Cet élément peu recommandable réussit cependant à force de se démener, à provoquer le rappel du gouverneur Murray en Angleterre (1765) et son remplacement par le brigadier général Carleton. Murray paya ainsi de la perte de son emploi le crime, irréparable alors, d’avoir montré quelque sympathie et quelque équité pour la race vaincue[1].


L’Angleterre envoya au Canada, en qualité de lieutenant-gouverneur, et pour remplacer Murray, le général Carleton ; un nouveau juge en chef, M. Hey, et un nouveau procureur général, M. Mazères, fils d’un refugié huguenot, l’accompagnaient (1766). Cette nouvelle administration ne changea pas les dispositions des Canadiens qui persistèrent dans leur attitude de protestation et dans leur calme résistance à l’arbitraire qui

  1. Murray eut à réprimer, pendant son administration, un soulèvement des Indiens du pays d’En-Haut, rassemblés sous la conduite d’un chef Outaouais, nommé Pontiac.

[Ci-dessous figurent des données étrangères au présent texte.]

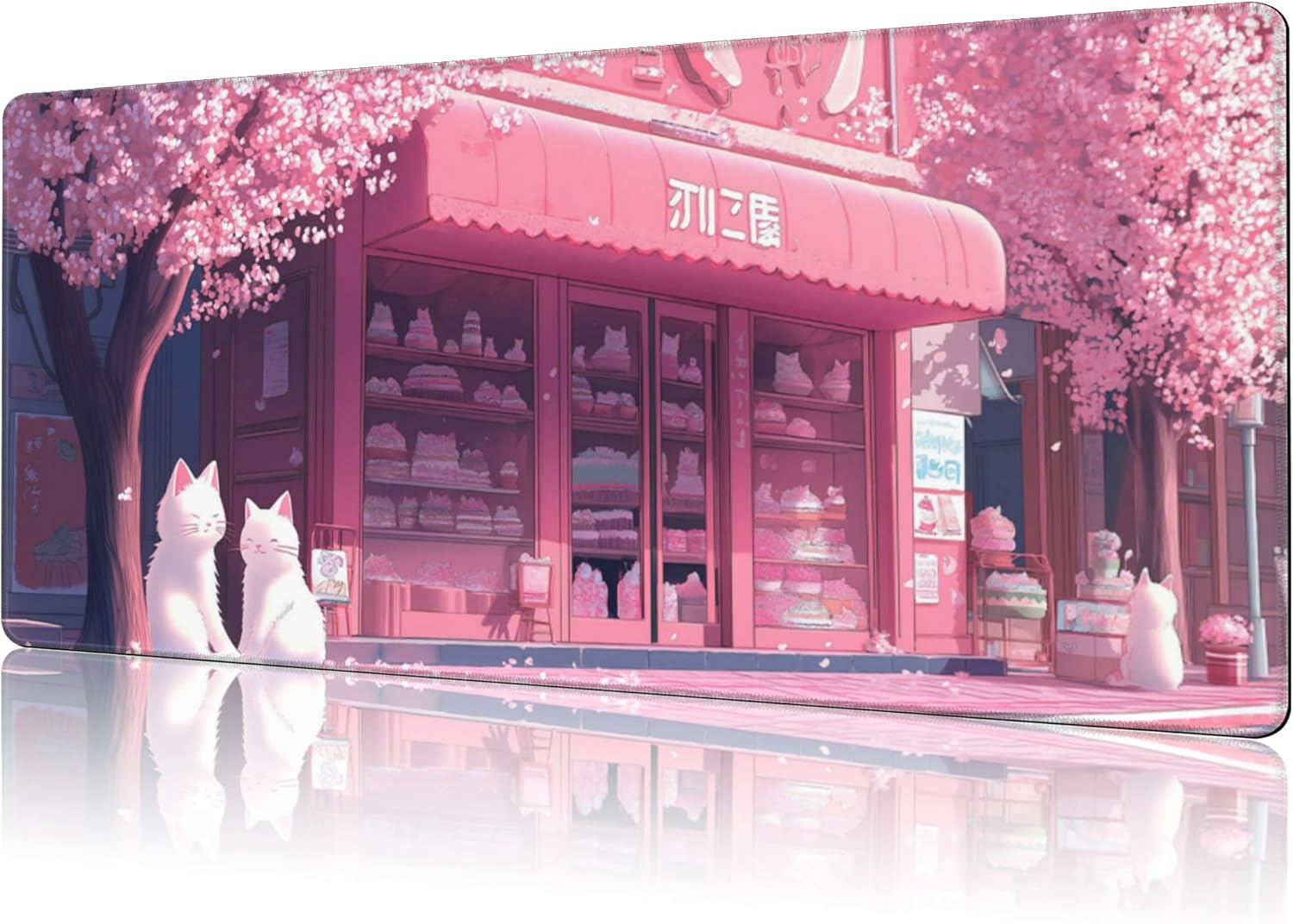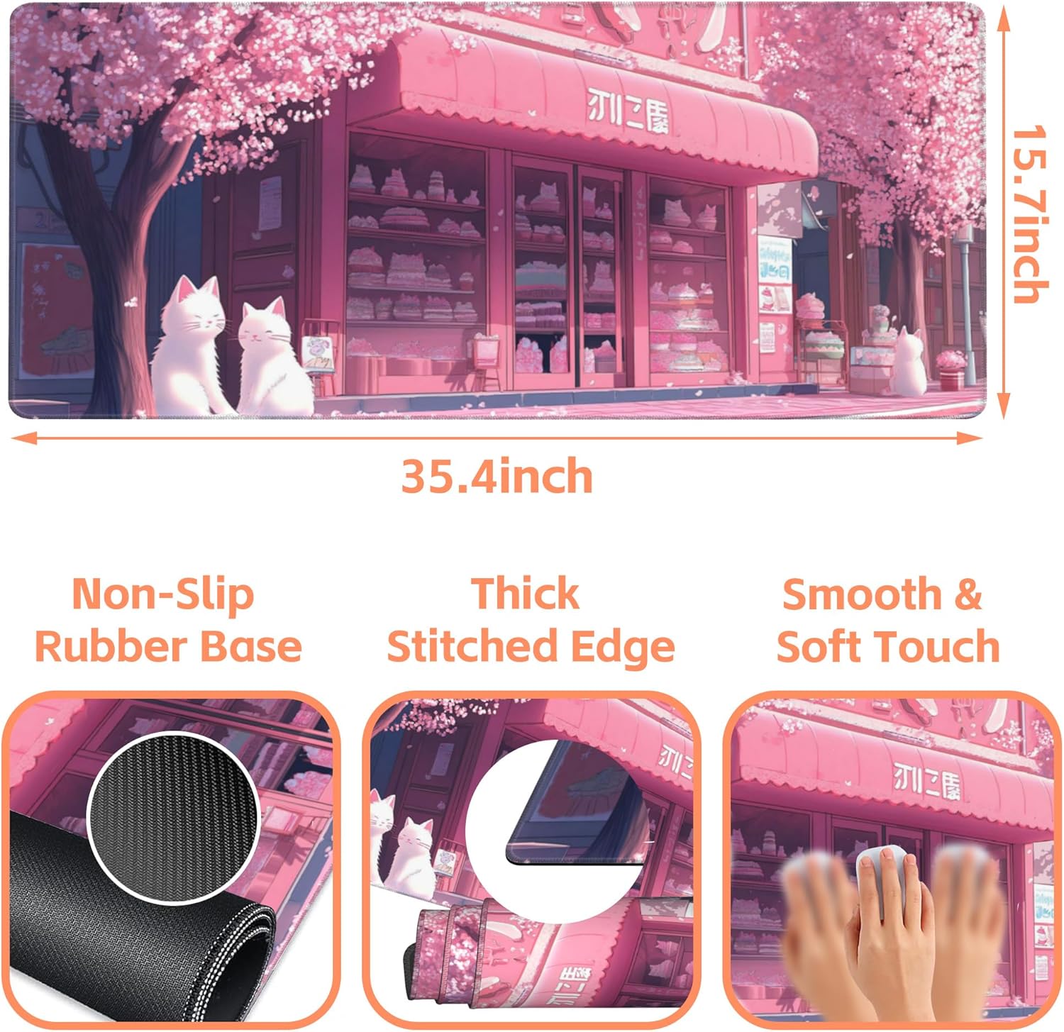 Mouse Pad Large Cake Shop and White Cats Non-Slip Gaming Desk Mat with Stitched Edge Laptop Keyboard Desk Pad for Work Home Gaming (35.4 x 15.7 Inches)
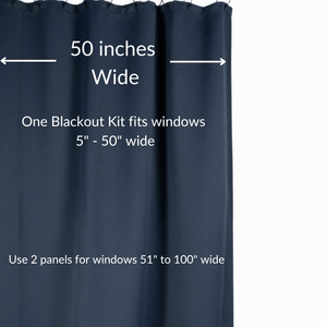 One 50" wide blackout curtain panel (Dark Midnight Blue, OEKO-TEX certified)
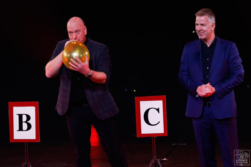 alle 620 stoelen waren bezet! De avond werd geopend door Gerhard en Herman (zonder groot showballet maar wel iets van te zien op de Facebookpagina van de NBG) waarin zij iedereen welkom heetten en de sponsors bedankten die deze avond mede mogelijk hadden gemaakt. Vervolgens nam Gunther Guinée de microfoon over en de show verder zeer vakkundig presenteerde.
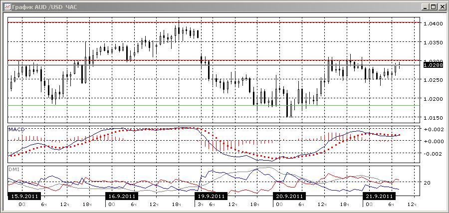 На дневном графике двойственность вариантов возвращается: или рост с целью около 1,0800, или снижение в район 1,0000. Хотя гистограмма MACD начала рост как первый признак возможного разворота, линия MACD и ADX с сильным превышением DM- над DM+ пока являются доводами в пользу большей вероятности дальнейшего снижения.

    C’est aussi sous l’administration de Murray que parut (21 juin 1764) le premier journal canadien de langue française, la Gazette de Québec. Mais ce journal dut longtemps se contenter de noter, sans les commenter, les nouvelles du Canada et de l’étranger, et l’on y chercherait vainement un reflet de l’opinion au Canada au dernier siècle.